--- ASSIGNED TASK ---
Pictures in the data should be dropped; transcribe exactly the lines from the one that has "trees. The roots" through the one that has "第2步: 在扫描完成后,我们".

--- EXTRACTED INFORMATION ---

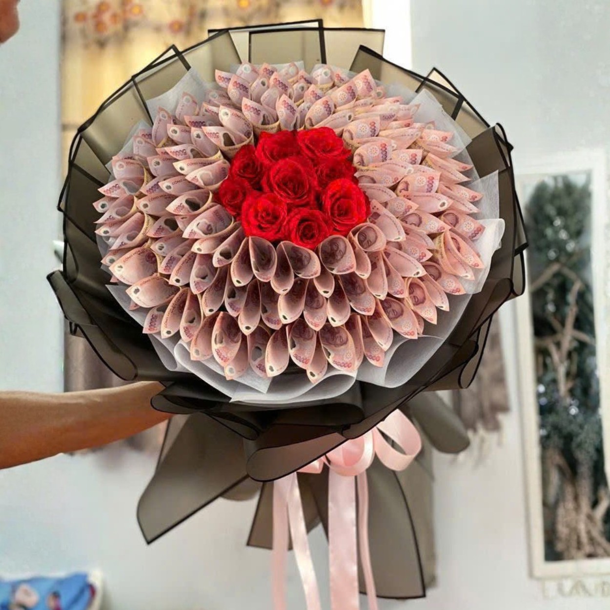 Trung tâm là cụm hoa hồng đỏ chọn bông tròn, cánh dày, được tôi cố định thành khối gọn. Bao quanh là nhiều lớp tiền 50k cuộn dạng cánh, miệng cánh thon, gót cánh khít, mép đồng trục để tạo vòng đều. Tôi sử dụng kỹ thuật giấu ghim, đường nối chìm, không làm ảnh hưởng giá trị tờ tiền, dễ tháo rời từng cánh khi cần. Lớp lót trắng giúp sắc tiền lên trong và sạch, lớp giấy đen mờ tạo viền khung, nâng chiều sâu như khung ảnh cho tác phẩm. Cuối cùng là dải nơ hồng satin, mềm và có độ phản quang nhẹ, hoàn thiện chất lãng mạn cho tổng thể.
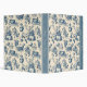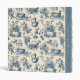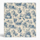 Blue French toile de jouy print of old time kitchenware with fruits and vines. Blue and cream with a denim blue ribbon for your personalized title.
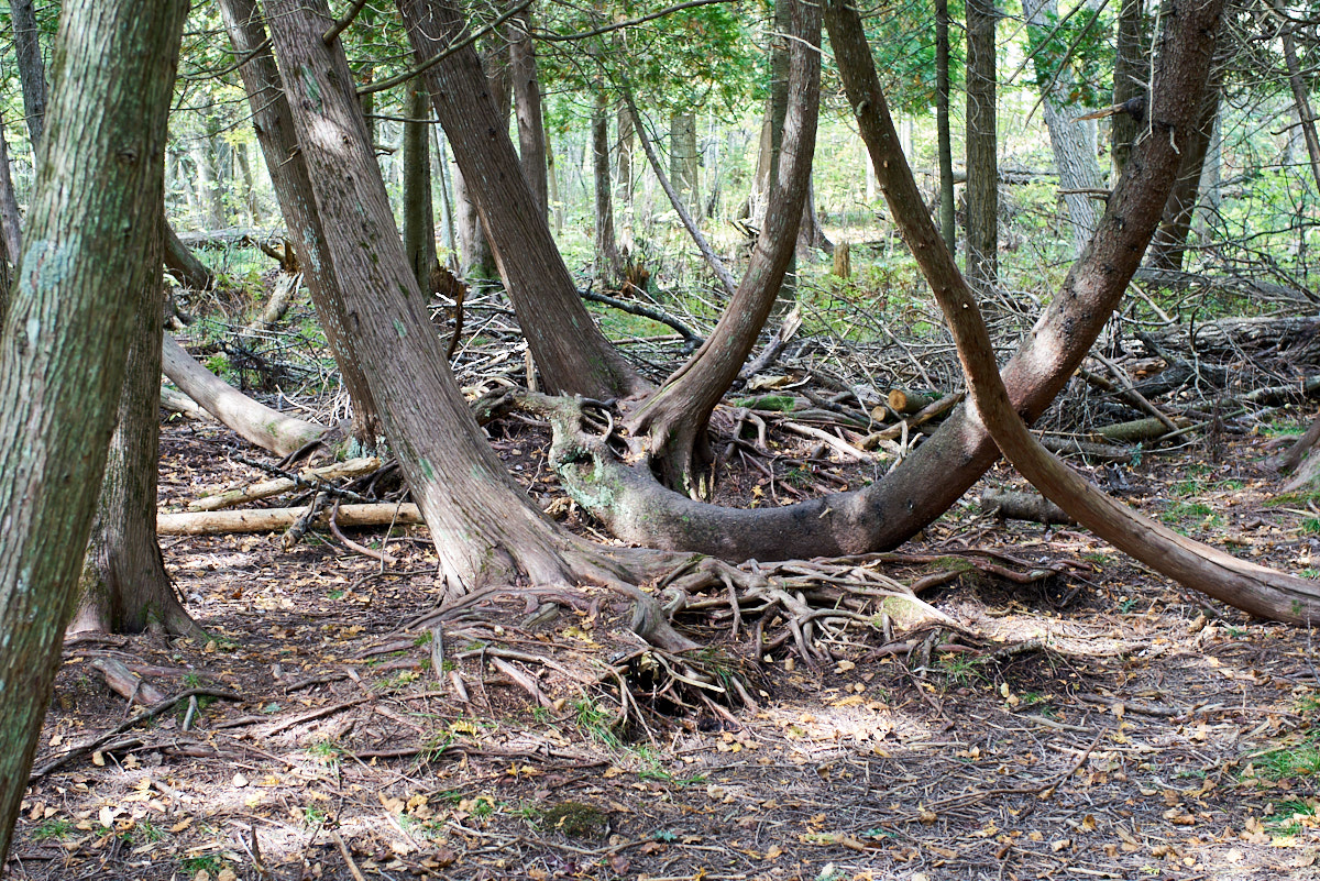 trees. The roots and curved branches produced a tangled
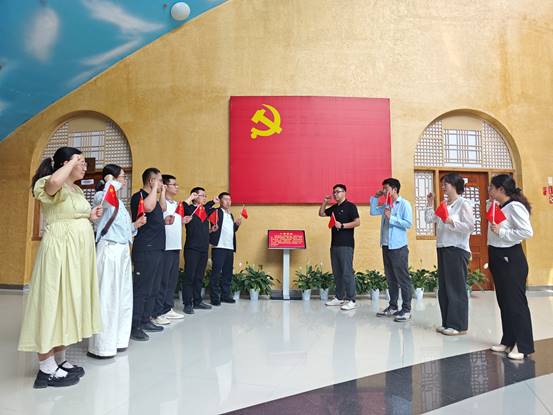 参观结束后,全体党员教师整齐列队,面向鲜红的党旗,庄严地举起右拳,重温入党誓词。“我志愿加入中国共产党…… 随时准备为党和人民牺牲一切,永不叛党。”铿锵有力的誓言在纪念馆前回荡,这不仅是对入党初心的回顾,更是对肩负使命的庄严承诺,进一步坚定了党员教师们为党的教育事业不懈奋斗的决心。
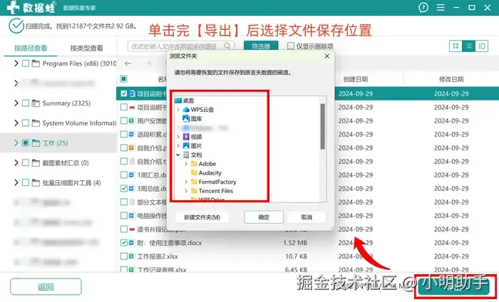 第2步: 在扫描完成后,我们就可以在软件展示的文件中挑选出自己所需的文件;找到后点击表示文件勾选,点击【导出】让文件安全回家;
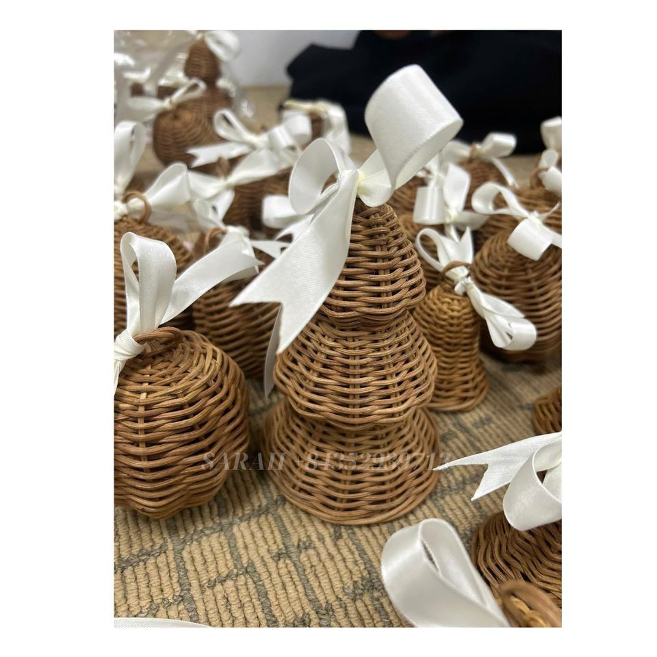 DÉCORATIONS POUR LA MAISON ORNEMENT DE L'ARBRE DE NOËL: OSIER NATUREL RÉTRO VINTAGE, CLOCHE EN ROTIN TISSÉE À LA MAIN, VENTE EN GROS.
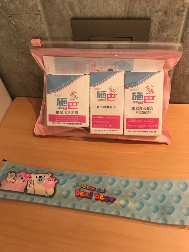 飯店有貼心的為孩子準備了施巴沐浴組和兒童牙刷! 是不是很大心呢!!
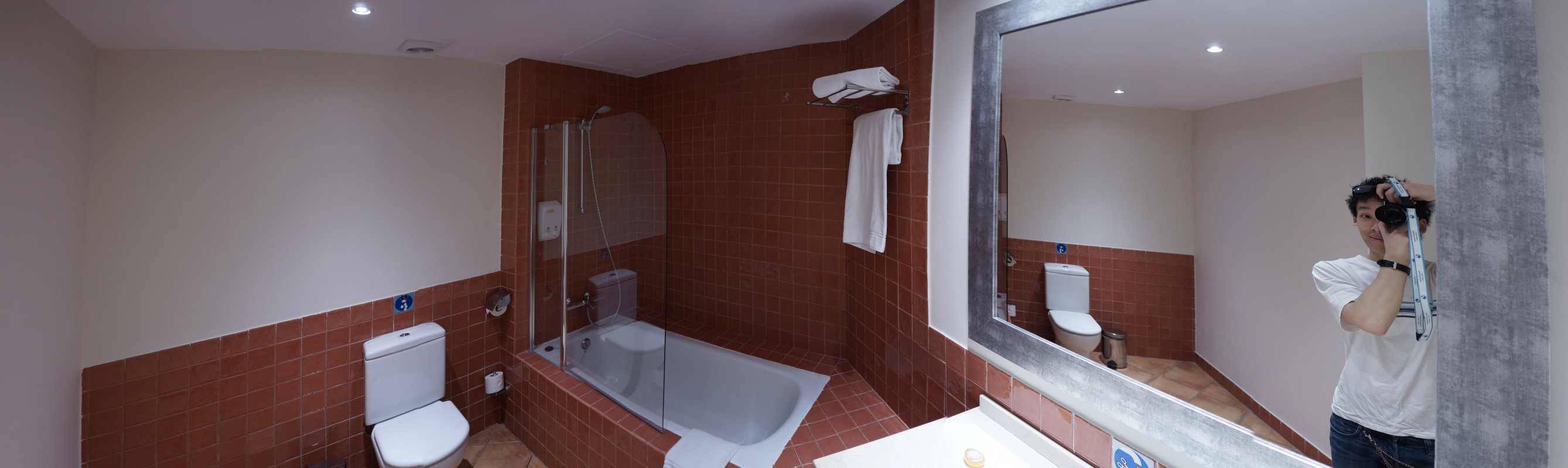 La salle de bain possède une surface largement plus grande que celle de notre ancien hôtel de ce parc, par contre. 🙂

--- SOLUTION TO THIS TASK ---
 trees. The roots and curved branches produced a tangled
 参观结束后,全体党员教师整齐列队,面向鲜红的党旗,庄严地举起右拳,重温入党誓词。“我志愿加入中国共产党…… 随时准备为党和人民牺牲一切,永不叛党。”铿锵有力的誓言在纪念馆前回荡,这不仅是对入党初心的回顾,更是对肩负使命的庄严承诺,进一步坚定了党员教师们为党的教育事业不懈奋斗的决心。
 第2步: 在扫描完成后,我们就可以在软件展示的文件中挑选出自己所需的文件;找到后点击表示文件勾选,点击【导出】让文件安全回家;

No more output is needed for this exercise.